How to Keep Your Kids Out of the Wrong Hands
- Posted in: Estate Planning
Some of the clients who come through our offices are parents and grandparents of small children whose primary goal in creating an estate plan is to protect those children. This includes providing for their immediate financial needs, ensuring they will have the means to receive an education, and so forth, but often the very first question these parents and grandparents ask is about guardianship. Most often they want guidance in choosing the best person to care for their children when they are gone, but sometimes a client asks if there is a way to keep their children out of the hands of abusive or irresponsible relatives. The answer is a resounding yes.
Of course, the first thing you should do to keep your children safe from an unsuitable guardian is to execute a Nomination of Guardians in which you name the people who would be good and loving parents. But beyond that, you can execute an Exclusion of Guardians (also known as an Anti-Nomination of Guardians). In this document you name the person or couple who should under no circumstances receive guardianship of your children. You may, in the document, state the reasons why your child should be kept out of the care of this person, but it is not always necessary.
For many parents, the excluded guardian is often a member of their extended family, and they fear that executing so strong a document might break the peace. For this reason, you can request that the Exclusion of Guardians be kept completely confidential.
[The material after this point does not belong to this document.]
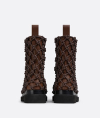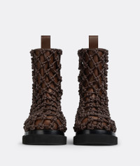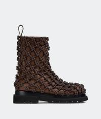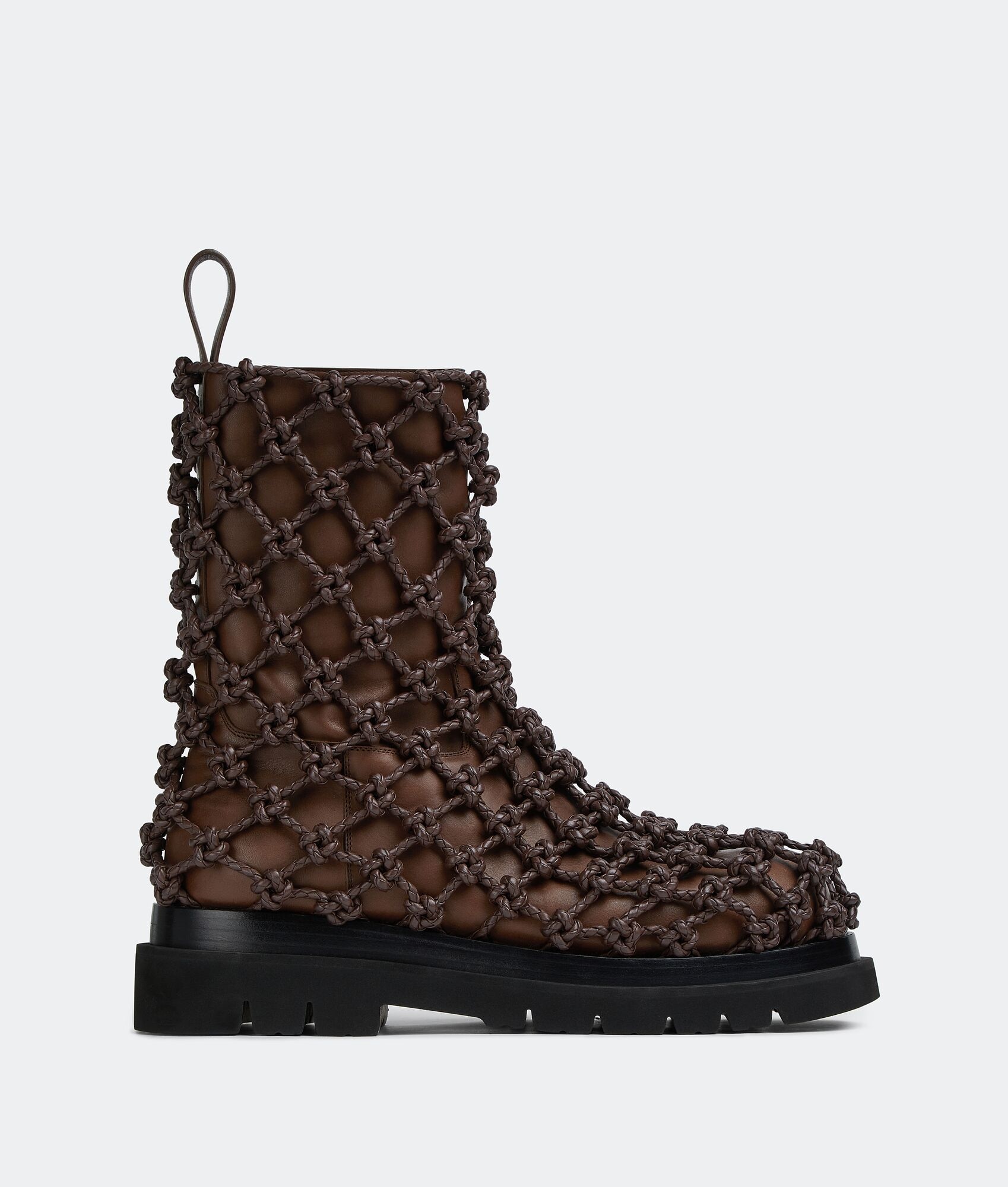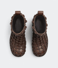 • Vegetable-tanned leather boots • Hand-knotted intreccio leather netting Material: 100% Calfskin • Lining: Calfskin • Color: Dark Chestnut • Micro rubber outsole • Flatform: 5.5 cm | 2.1" • We recommend to take half a size down Made in: Italy

Unless and until the excluded guardian tries to gain guardianship over your children there is really no need for anyone except you and your attorney to be aware of its existence.
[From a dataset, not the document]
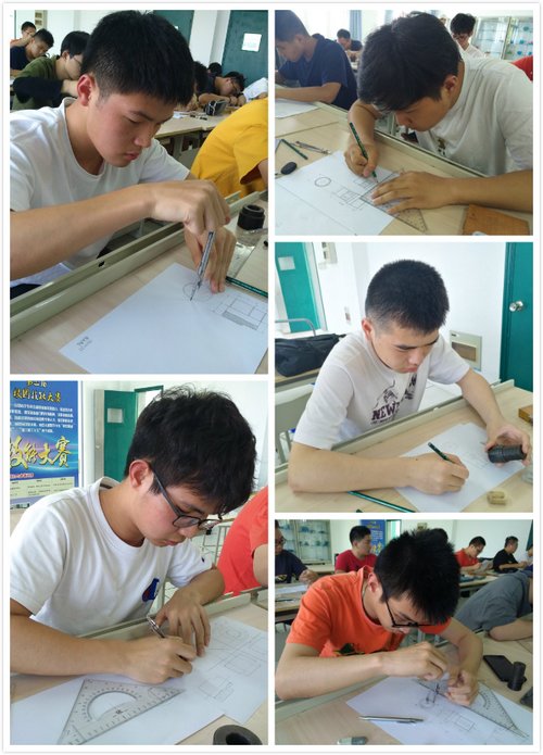 本次竞赛主要为了考察飞行器制造技术专业学生在理论学习和实训过程中所学基本知识的实际应用,对同学们来说是一次难得的挑战。同学们本着严谨踏实的态度积极报名参加竞赛,赛前的培训及准备让他们个个自信满满,不仅赛出了技能水平,更赛出了学生的专业素养以及积极追求进步的豪情。“典型机械零件测绘”赛场,学生们个个仔细观察、精心测量,稿纸上画完初稿后在答题纸上准确绘制;“钳工加工工艺”赛场,学生们认真考虑工艺要求,规范使用工、量具,正确操作,台面整洁。比赛过程中,系主任陆周老师及部分教研室老师到场进行了观摩指导。

There are many valid reasons to execute an Exclusion of Guardians; alcoholism, history of abuse, mental illness, extreme financial irresponsibility, and more. How is a judge or court to know of these reasons unless you tell them? And that is exactly what an Exclusion of Guardians does. If you have any fears along these lines talk to your attorney. You hope the document will never need to be used—never even be seen by any eyes other than your own—but the peace of mind it can bring is invaluable.